Exercise aim
Go to the line holding "Статуетката е изработена" in the data below. Return it and each line after it through the last, exactly, and skip the pictures.

Entries provided
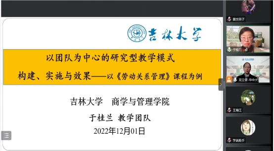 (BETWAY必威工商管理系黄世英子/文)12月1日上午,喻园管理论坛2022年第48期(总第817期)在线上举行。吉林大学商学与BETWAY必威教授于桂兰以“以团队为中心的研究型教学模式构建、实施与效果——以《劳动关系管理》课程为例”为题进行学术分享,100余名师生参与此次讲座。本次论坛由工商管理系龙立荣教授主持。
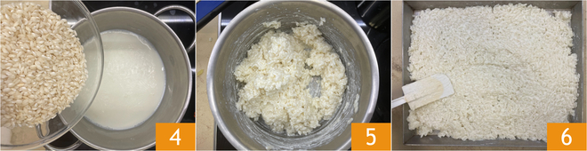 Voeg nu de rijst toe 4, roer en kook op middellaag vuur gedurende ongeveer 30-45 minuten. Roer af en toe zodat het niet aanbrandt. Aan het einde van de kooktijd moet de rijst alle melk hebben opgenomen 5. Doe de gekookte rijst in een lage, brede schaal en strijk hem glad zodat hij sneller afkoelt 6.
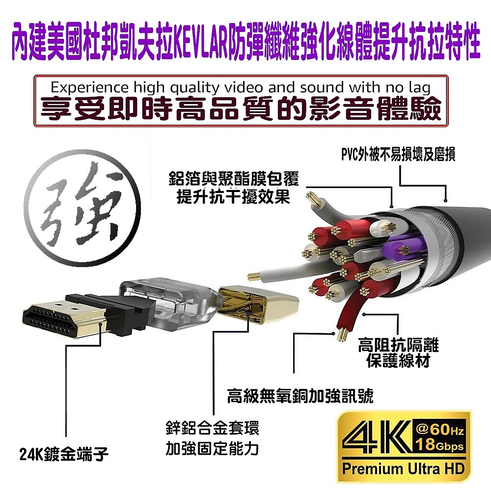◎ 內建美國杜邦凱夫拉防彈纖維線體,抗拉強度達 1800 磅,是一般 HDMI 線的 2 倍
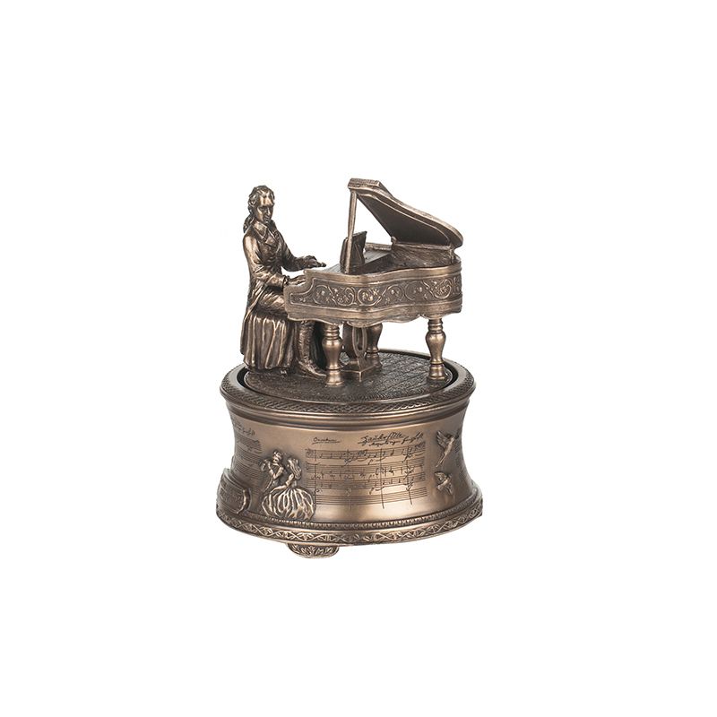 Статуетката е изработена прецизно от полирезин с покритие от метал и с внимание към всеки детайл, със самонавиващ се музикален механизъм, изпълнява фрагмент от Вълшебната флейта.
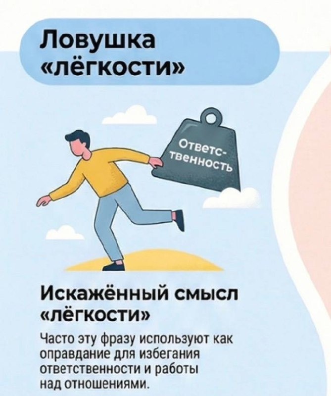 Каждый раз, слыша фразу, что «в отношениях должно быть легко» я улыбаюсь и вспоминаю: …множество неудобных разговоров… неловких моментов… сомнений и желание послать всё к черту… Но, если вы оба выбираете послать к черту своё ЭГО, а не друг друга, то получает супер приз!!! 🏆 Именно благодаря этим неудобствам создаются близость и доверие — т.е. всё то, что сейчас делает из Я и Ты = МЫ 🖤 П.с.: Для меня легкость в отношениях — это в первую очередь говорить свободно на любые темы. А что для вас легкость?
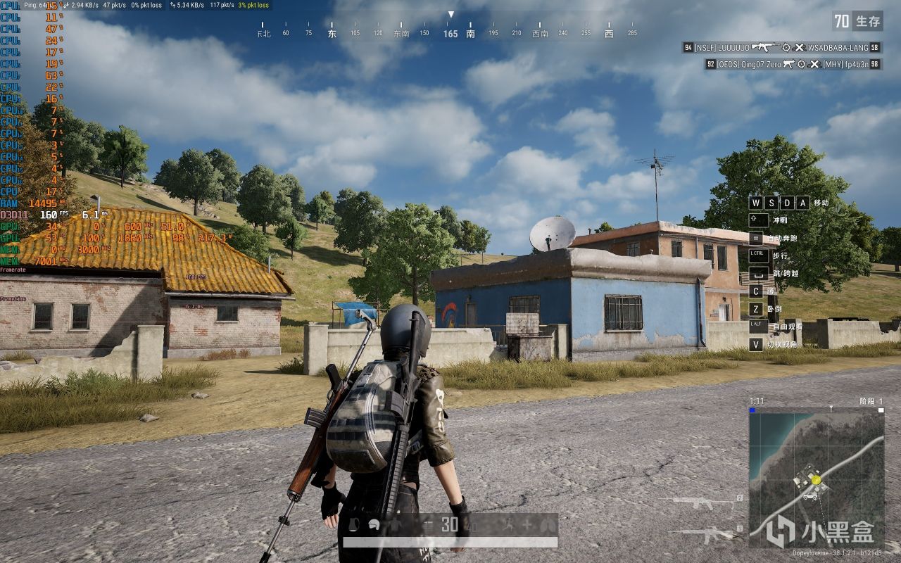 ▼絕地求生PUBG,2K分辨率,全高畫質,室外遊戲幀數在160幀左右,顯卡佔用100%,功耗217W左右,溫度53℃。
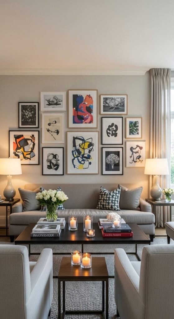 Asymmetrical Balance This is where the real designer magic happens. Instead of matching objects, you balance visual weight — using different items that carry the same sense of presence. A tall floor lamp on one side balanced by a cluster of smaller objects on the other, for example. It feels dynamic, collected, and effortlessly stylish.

Solution below
 Статуетката е изработена прецизно от полирезин с покритие от метал и с внимание към всеки детайл, със самонавиващ се музикален механизъм, изпълнява фрагмент от Вълшебната флейта.
 Каждый раз, слыша фразу, что «в отношениях должно быть легко» я улыбаюсь и вспоминаю: …множество неудобных разговоров… неловких моментов… сомнений и желание послать всё к черту… Но, если вы оба выбираете послать к черту своё ЭГО, а не друг друга, то получает супер приз!!! 🏆 Именно благодаря этим неудобствам создаются близость и доверие — т.е. всё то, что сейчас делает из Я и Ты = МЫ 🖤 П.с.: Для меня легкость в отношениях — это в первую очередь говорить свободно на любые темы. А что для вас легкость?
 ▼絕地求生PUBG,2K分辨率,全高畫質,室外遊戲幀數在160幀左右,顯卡佔用100%,功耗217W左右,溫度53℃。
 Asymmetrical Balance This is where the real designer magic happens. Instead of matching objects, you balance visual weight — using different items that carry the same sense of presence. A tall floor lamp on one side balanced by a cluster of smaller objects on the other, for example. It feels dynamic, collected, and effortlessly stylish.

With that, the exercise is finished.